___ Data listing

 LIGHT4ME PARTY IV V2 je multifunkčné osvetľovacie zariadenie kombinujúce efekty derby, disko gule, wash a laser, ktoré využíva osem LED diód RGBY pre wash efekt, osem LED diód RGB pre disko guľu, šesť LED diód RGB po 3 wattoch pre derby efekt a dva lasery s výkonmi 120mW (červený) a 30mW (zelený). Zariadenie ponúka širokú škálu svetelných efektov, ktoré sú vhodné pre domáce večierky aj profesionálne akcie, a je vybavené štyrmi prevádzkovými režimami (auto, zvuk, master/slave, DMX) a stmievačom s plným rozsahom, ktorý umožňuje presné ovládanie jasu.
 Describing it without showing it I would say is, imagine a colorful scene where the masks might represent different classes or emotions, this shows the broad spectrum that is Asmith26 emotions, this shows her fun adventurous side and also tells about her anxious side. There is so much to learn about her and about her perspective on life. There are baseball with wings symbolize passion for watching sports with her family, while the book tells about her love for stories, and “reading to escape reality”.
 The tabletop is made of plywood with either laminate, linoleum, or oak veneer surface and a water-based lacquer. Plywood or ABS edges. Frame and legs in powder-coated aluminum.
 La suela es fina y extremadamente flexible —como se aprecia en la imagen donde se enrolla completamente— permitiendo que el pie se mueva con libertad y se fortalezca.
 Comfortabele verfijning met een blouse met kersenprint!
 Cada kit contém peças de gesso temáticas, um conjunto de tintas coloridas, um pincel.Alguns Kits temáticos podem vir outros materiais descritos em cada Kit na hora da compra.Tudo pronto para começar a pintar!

______
___ Data listing

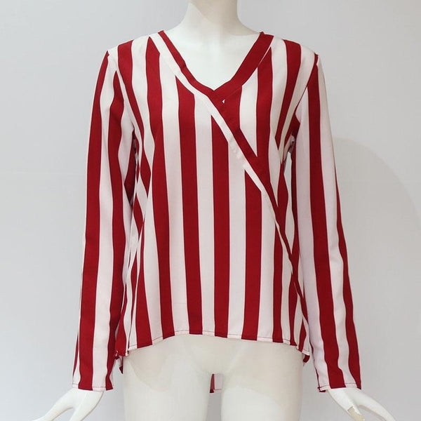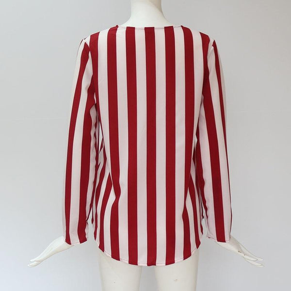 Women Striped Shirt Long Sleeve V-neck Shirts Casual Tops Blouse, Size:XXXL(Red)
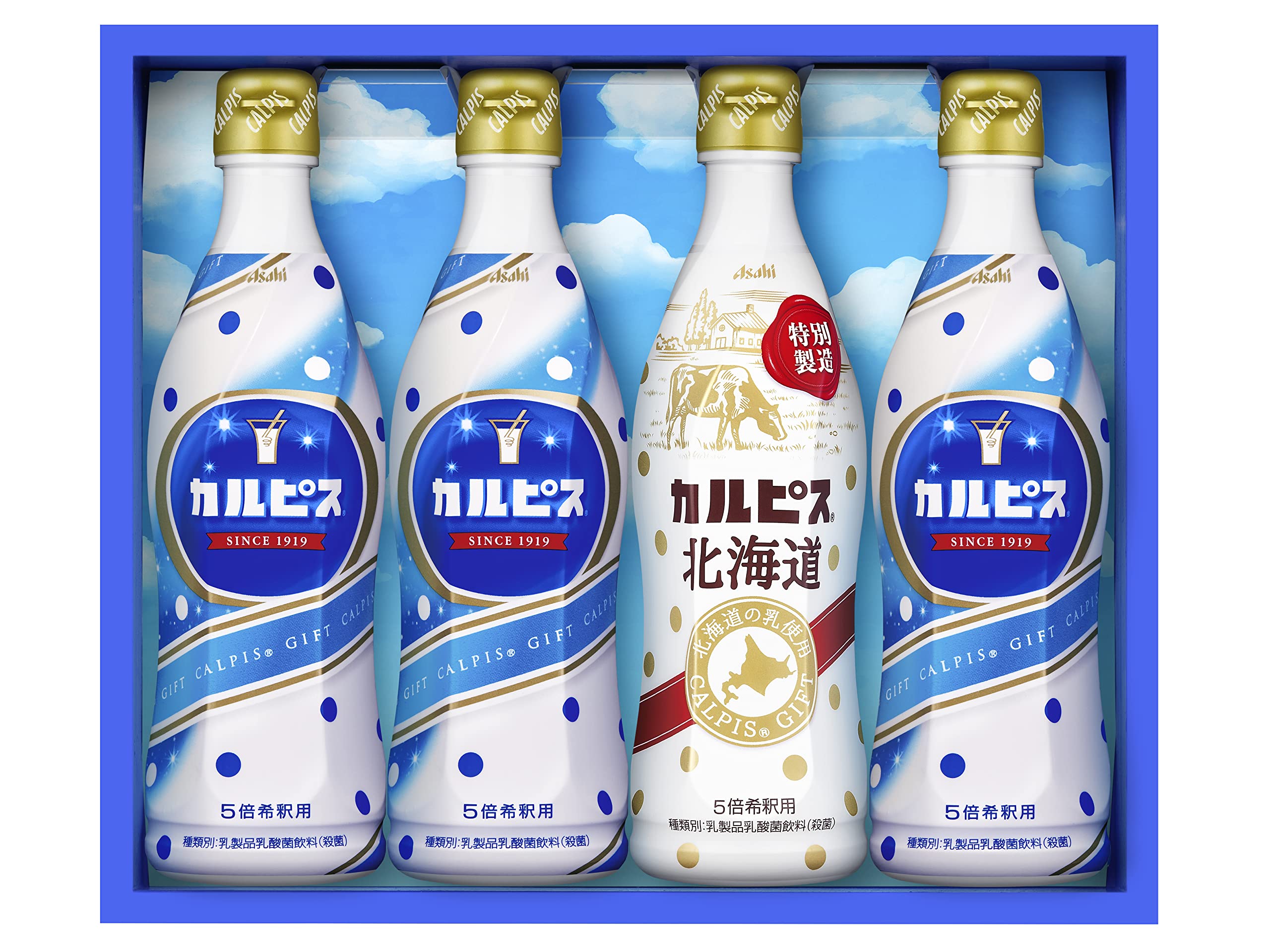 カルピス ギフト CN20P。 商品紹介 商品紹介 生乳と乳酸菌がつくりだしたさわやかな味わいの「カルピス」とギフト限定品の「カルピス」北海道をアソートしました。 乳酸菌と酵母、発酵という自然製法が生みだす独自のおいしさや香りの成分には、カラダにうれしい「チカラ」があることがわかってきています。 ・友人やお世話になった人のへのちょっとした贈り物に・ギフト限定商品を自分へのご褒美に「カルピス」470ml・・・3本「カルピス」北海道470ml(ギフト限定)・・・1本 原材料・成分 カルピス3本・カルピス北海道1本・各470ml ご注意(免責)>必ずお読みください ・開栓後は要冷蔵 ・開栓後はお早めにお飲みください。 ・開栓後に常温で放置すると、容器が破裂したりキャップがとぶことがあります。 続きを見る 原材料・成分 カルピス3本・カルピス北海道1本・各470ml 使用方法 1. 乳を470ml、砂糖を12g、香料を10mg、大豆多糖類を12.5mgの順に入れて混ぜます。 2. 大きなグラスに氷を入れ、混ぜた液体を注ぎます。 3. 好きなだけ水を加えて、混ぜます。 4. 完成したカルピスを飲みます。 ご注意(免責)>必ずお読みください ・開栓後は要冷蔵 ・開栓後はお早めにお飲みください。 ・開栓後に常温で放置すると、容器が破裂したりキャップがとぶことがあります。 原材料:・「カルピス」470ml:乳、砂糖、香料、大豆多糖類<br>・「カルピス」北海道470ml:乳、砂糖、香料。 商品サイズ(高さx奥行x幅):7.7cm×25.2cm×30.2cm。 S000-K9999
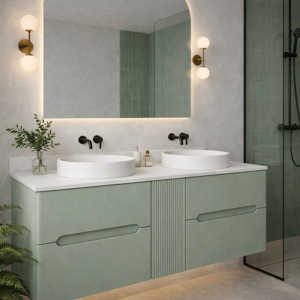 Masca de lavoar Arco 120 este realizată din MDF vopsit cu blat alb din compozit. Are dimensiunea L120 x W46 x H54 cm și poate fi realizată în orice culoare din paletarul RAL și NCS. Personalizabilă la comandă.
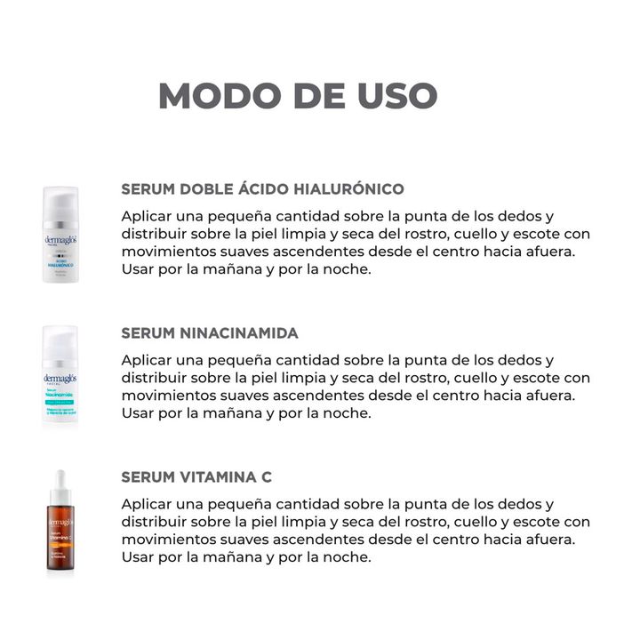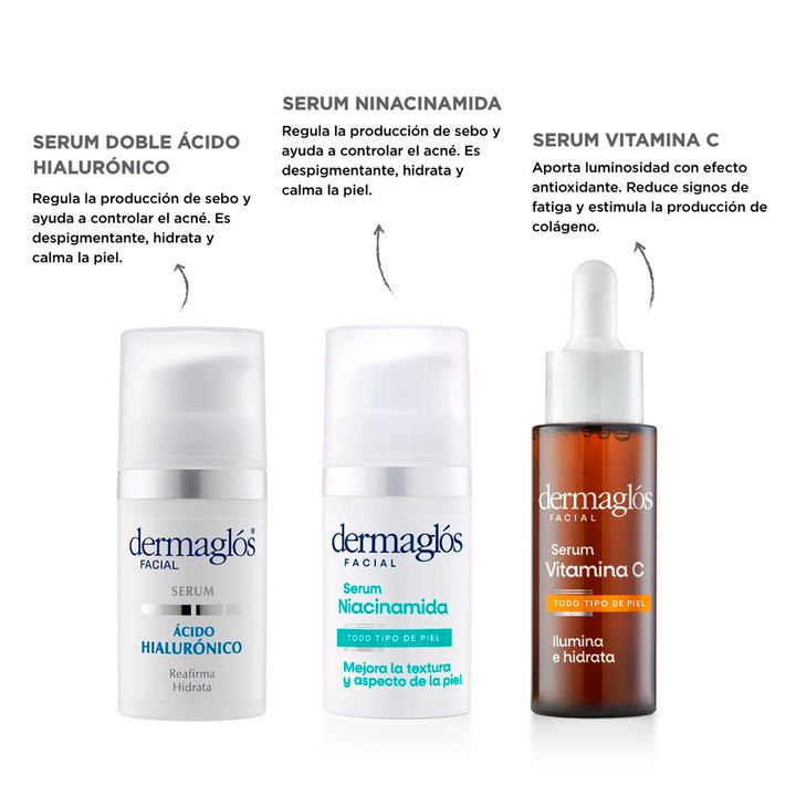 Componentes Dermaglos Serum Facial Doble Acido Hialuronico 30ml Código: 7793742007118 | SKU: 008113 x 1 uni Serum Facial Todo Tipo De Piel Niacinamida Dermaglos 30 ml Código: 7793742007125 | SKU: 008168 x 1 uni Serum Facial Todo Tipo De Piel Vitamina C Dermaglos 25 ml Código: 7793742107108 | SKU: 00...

______
___ Data listing

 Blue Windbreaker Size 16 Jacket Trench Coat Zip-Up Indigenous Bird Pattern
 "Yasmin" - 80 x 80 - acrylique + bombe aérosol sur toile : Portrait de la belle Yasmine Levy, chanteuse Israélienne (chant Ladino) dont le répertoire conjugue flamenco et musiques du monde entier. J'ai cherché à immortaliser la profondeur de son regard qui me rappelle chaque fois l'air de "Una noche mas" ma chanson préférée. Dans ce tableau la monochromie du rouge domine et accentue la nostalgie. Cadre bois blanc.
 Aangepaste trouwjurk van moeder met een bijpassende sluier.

______

- **What this task involves**
Starting at the line with "Women Striped Shirt" and finishing at the line with "カルピス ギフト CN20P。", copy the material above exactly, both lines included. Nothing else goes in, and no pictures.

- **Reply to the task**
 Women Striped Shirt Long Sleeve V-neck Shirts Casual Tops Blouse, Size:XXXL(Red)
 カルピス ギフト CN20P。 商品紹介 商品紹介 生乳と乳酸菌がつくりだしたさわやかな味わいの「カルピス」とギフト限定品の「カルピス」北海道をアソートしました。 乳酸菌と酵母、発酵という自然製法が生みだす独自のおいしさや香りの成分には、カラダにうれしい「チカラ」があることがわかってきています。 ・友人やお世話になった人のへのちょっとした贈り物に・ギフト限定商品を自分へのご褒美に「カルピス」470ml・・・3本「カルピス」北海道470ml(ギフト限定)・・・1本 原材料・成分 カルピス3本・カルピス北海道1本・各470ml ご注意(免責)>必ずお読みください ・開栓後は要冷蔵 ・開栓後はお早めにお飲みください。 ・開栓後に常温で放置すると、容器が破裂したりキャップがとぶことがあります。 続きを見る 原材料・成分 カルピス3本・カルピス北海道1本・各470ml 使用方法 1. 乳を470ml、砂糖を12g、香料を10mg、大豆多糖類を12.5mgの順に入れて混ぜます。 2. 大きなグラスに氷を入れ、混ぜた液体を注ぎます。 3. 好きなだけ水を加えて、混ぜます。 4. 完成したカルピスを飲みます。 ご注意(免責)>必ずお読みください ・開栓後は要冷蔵 ・開栓後はお早めにお飲みください。 ・開栓後に常温で放置すると、容器が破裂したりキャップがとぶことがあります。 原材料:・「カルピス」470ml:乳、砂糖、香料、大豆多糖類<br>・「カルピス」北海道470ml:乳、砂糖、香料。 商品サイズ(高さx奥行x幅):7.7cm×25.2cm×30.2cm。 S000-K9999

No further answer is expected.